IFAW calls on Canada to cancel seal hunt due to lack of ice
This winter has been Canada’s warmest on record since the country began keeping national records in 1948. Canada as a whole was 3.9 degrees above normal temperatures for the winter of 2005-06, nearly a full degree warmer than the previous high set in 1987.
Ice cover in the Gulf of St. Lawrence, normally several feet thick this time of year, has been negligible due to the warm winter. A large percentage of the harp seal population migrates to the gulf to give birth each year. If harp seals are unable to find ice they will abort the pups in the water and the pups will die.

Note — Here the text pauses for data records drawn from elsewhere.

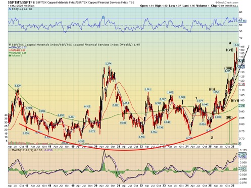TSX Materials Index/TSX Financial Index Ratio 2016–2026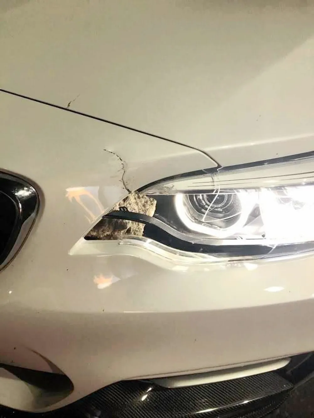 De Villiers said there was a rock in the road and she tried to avoid it, when another rock hit the windscreen.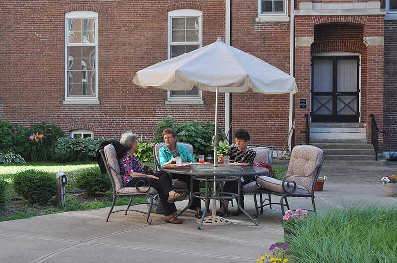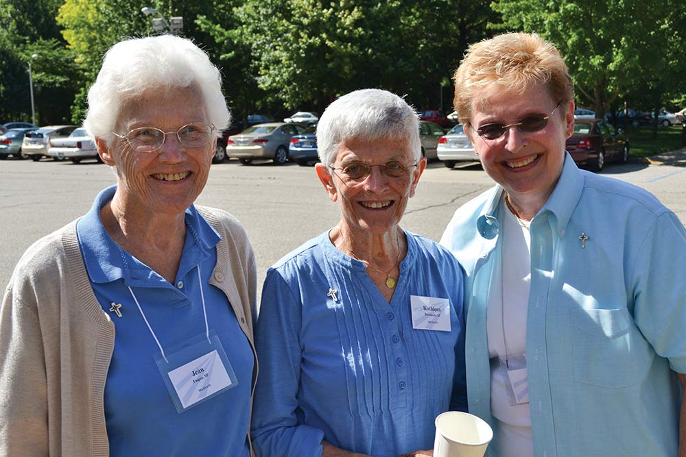 Sister Jeanne Hagelskamp (left) chats with Sister Dawn Tomaszewski (center) and Sister Pamela Pauloski. (Photo by Sister Evelyn Ovalles)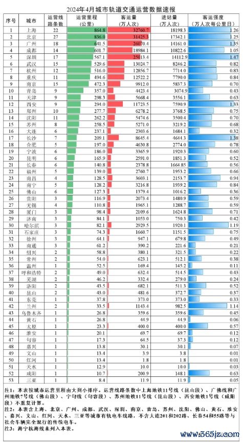 4月城市轨道交通数据出炉,谁的客运强度最大?

“Harp seals depend on a stable ice platform to give birth to their pups and successfully nurse them. When ice fails to form, or is unusually thin, normal pupping and nursing is drastically affected and large numbers of newborn pups die,” said Dr. David Lavigne, IFAW’s Science Advisor and internationally renowned marine mammal expert who has studied harp seals for the past 30 years. “The combination of a lack of ice and a seal hunt could result in the loss of almost all of this year’s pups born in the Gulf and, possibly, on the Front, as well.”

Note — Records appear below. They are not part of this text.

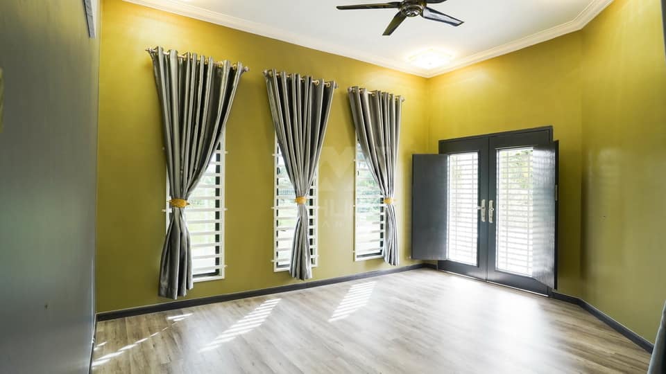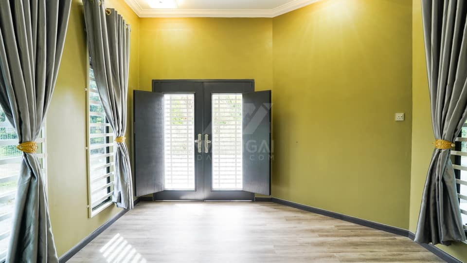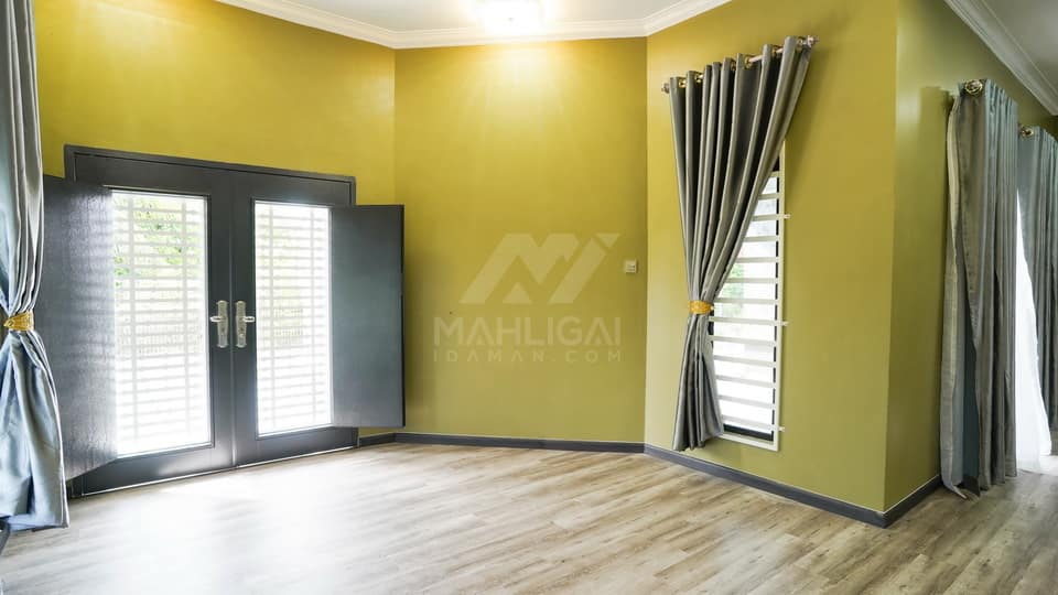 Banglo ini dibina dengan spesifikasi asas Pakej Gold dan beberapa penambahan dari sudut design seperti pemasangan kayu hiasan (Kayu Seraya) pada bahagian veranda dan pintu masuk utama, pemasangan batu hiasan pada bahagian tiang dan dinding pintu masuk utama, torehan grooveline pada bahagian bumbung dan dinding rumah serta pemasangan cornice pada bahagian tingkap dan dinding rumah.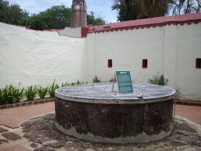 El pozo de piedra se encuentra dentro de muros de ladrillo macizo construidos a finales del siglo XVII, con elementos arquitectónicos chinos y malayos.
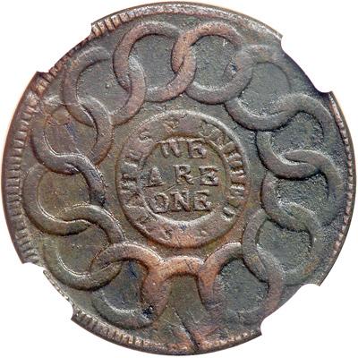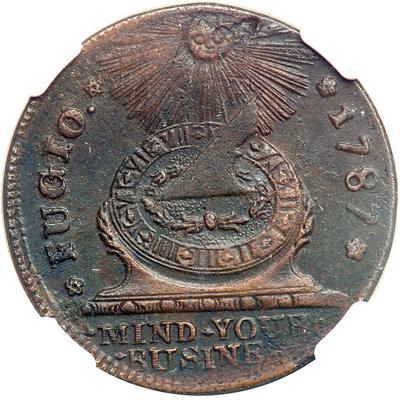 1787 Fugio Cent. Pointed rays, cinquefoils, "STATES UNITED". NGC graded AU Details, corrosion. A uniform dark-reddish brown and overall, quite pleasing.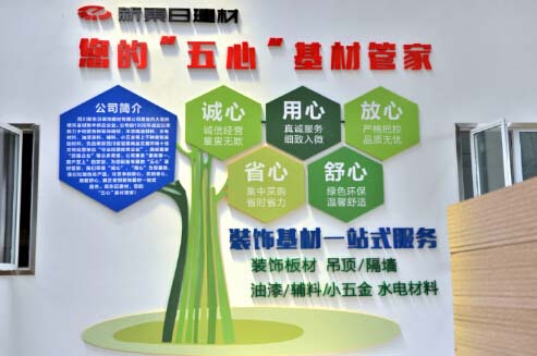 “五心”服務(wù),購物無憂。新東日以“誠心”“用心”來服務(wù)消費(fèi)者,杜絕假冒偽劣、以次充好的基材產(chǎn)品,讓消費(fèi)者“放心”購物,一站式購物讓消費(fèi)者買的“省心”,環(huán)保優(yōu)質(zhì)的產(chǎn)品讓消費(fèi)者用的“舒心”。新東日建材,一個善于創(chuàng)造的現(xiàn)代化建材企業(yè),用心樹立裝飾基材行業(yè)標(biāo)桿,為廣大用戶不斷推出系統(tǒng)、配套的環(huán)保新產(chǎn)品,不斷引領(lǐng)裝飾建材行業(yè)的新潮流,努力為家居健康和中國建筑裝飾行業(yè)貢獻(xiàn)自己的一份力量!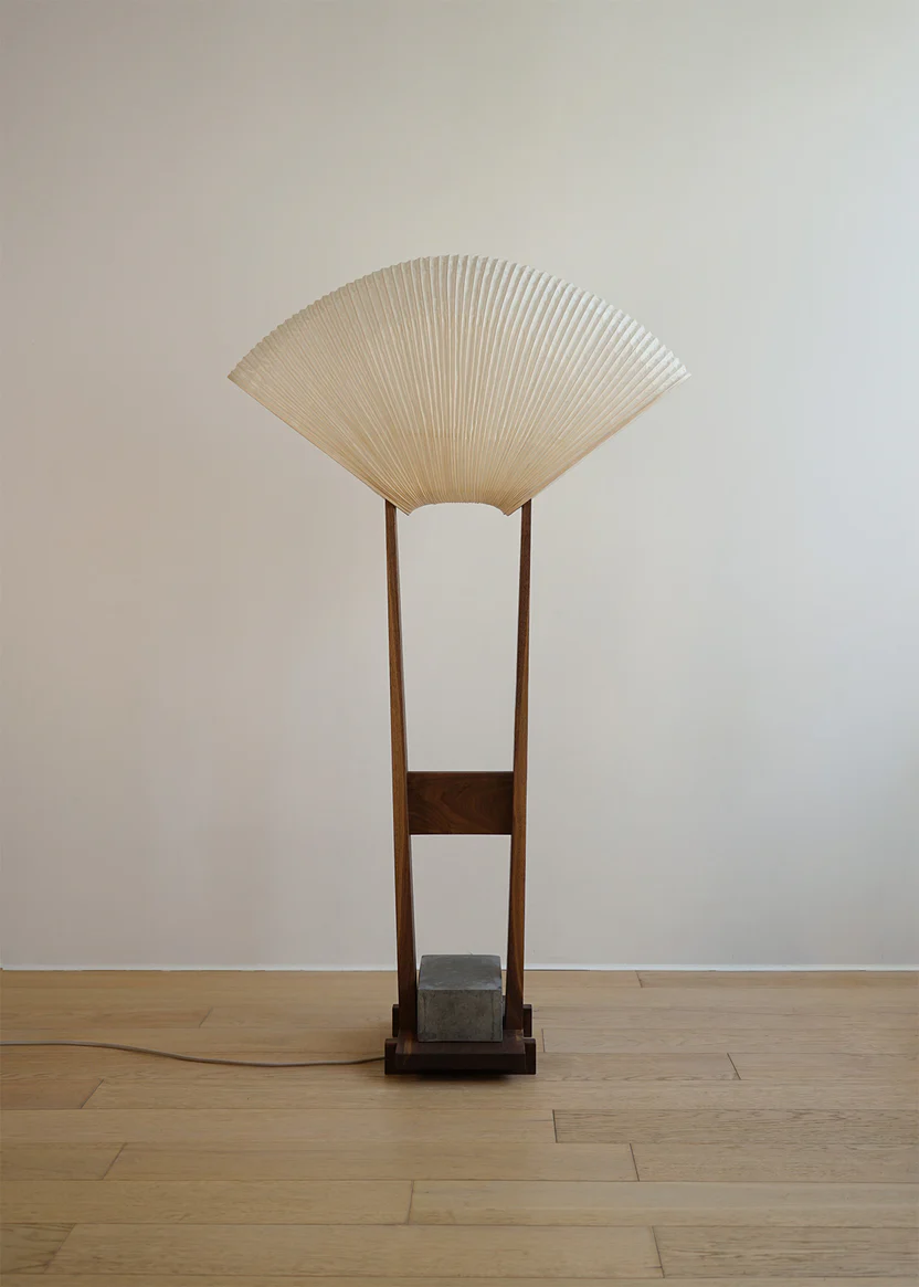 Relic I Lamp is a light sculpture that reimagines the folding fan as an object and a symbol of spatial poetry. A pleated paper illumination unfurls in sweeping arcs, held upright by a totem-like wood base and anchored down by a cast concrete block. The form evokes movement caught in stillness—demonstrating a fan poised mid-opening in a sculptural unfolding of air, shadow, and light.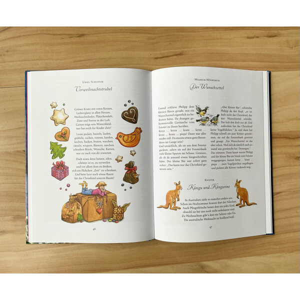 Der Duft von Tannenzweigen und Weihnachtsplätzchen liegt in der Luft. Und wenn am Adventskranz die erste Kerze brennt, wird es Zeit für Geschichten, Lieder und Gedichte. Sie erzählen von Nikoläusen, vom Plätzchenbacken, vom Wichteln, von Tannenbäumen, Weihnachtsengeln und natürlich vom Christkind und vom Wunder der Heiligen Nacht. Geschichten und Gedichte von Max Bolliger, Josef Guggenmos, Janosch, Irina Korschunow, Rolf Krenzer, James Krüss, Christian Morgenstern, Otfried Preußler, Ursel Scheffler, Fredrik Vahle und vielen anderen.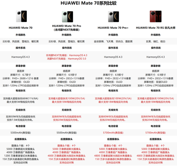 在发布会上余承东也讲了这次Mate70 Pro+运用了新材质,那就是机身中框采用高亮钛,这是铝合金材质的Pro款和标准版所不具备的。在高亮钛的加持下,Pro+和非凡大师机身耐磨能力提升5倍。而在正面的第二代昆仑玻璃、背部的锦纤材质上,它们都是一样的,耐摔耐刮能力主要差别就在Pro+的高亮钛上。而在正面的颜值上,标准版依旧是单挖孔,而Pro系列则是三挖孔,并且可以一键登岛,在视觉上会有所变化。当然,这里也存在着3D人脸识别的区别,Pro系列是标配,并且支持口罩解锁和暗光解锁。至于说Mate70 RS非凡大师,主要区别在于机身设计和材质上,这次有玄黑、皓白、瑞红三种配色,经典的传奇星钻设计、陶瓷材质,处处都能彰显非凡。当然,在机身重量上,肯定也是最重的,达到了251g,其中瑞红是256g,其中的玄机大家可以猜猜看。另外就是,四款产品均做到了支持IP68&IP69级防尘抗水能力。屏幕与影像,取舍之关键屏幕大小,我们在前边也给大家说明了,标准版是偏小一点的,Pro系列更大。而在屏幕素质上,四者大差不差,分辨率都是FHD+级别,均支持10.7亿色、P3广色域、1-120Hz LTPO自适应刷新率、1440Hz高频PWM调光、300Hz触控采样率。从目前的纸面参数来看,70系列是一致的,而非凡大师则是运用了双层OLED技术,峰值亮度可以达到3500nit,而其他是2500nit峰值亮度,在强光下显示效果有所区别。

“It makes no sense to hunt harp seals when it is obvious that a large percentage of the pups will die because of poor ice conditions. We must act with caution,” said Dr. Lavigne.

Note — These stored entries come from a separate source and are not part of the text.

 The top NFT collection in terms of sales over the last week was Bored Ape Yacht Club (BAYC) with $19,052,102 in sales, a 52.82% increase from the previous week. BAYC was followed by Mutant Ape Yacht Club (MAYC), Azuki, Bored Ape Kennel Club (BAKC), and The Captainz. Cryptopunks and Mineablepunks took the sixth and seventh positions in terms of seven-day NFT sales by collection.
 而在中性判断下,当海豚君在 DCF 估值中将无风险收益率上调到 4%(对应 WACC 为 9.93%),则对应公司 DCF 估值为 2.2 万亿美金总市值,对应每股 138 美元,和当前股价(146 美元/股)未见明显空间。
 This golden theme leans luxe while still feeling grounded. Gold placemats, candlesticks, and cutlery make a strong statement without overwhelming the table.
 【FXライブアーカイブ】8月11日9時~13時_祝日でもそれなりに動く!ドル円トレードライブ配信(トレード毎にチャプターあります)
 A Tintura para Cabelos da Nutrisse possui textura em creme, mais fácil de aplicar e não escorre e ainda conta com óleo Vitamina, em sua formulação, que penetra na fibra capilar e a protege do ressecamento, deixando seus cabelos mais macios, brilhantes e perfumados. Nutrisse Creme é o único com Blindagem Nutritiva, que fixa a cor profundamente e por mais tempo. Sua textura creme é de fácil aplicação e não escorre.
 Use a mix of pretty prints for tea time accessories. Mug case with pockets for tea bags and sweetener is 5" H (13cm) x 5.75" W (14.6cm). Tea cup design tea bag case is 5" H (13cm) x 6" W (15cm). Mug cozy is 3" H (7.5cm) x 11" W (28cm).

In 1981 and 2002, poor ice years, Canadian government scientists assume that three-quarters (75 percent) of the gulf pups died as a consequence of bad ice conditions. In 1998 and 2000, they estimated that one-quarter of the pups died due to lack of ice before the hunt began.
A week ago, the Canadian government announced a one-year quota (called a TAC or Total Allowable Catch) of 335,000 seals. Despite the lack of ice and environmental conditions in general, the 2006 quota for harp seals is one of the highest in history and higher than 2005.
The seal hunt is scheduled to begin Saturday March 25 in the Gulf of St. Lawrence.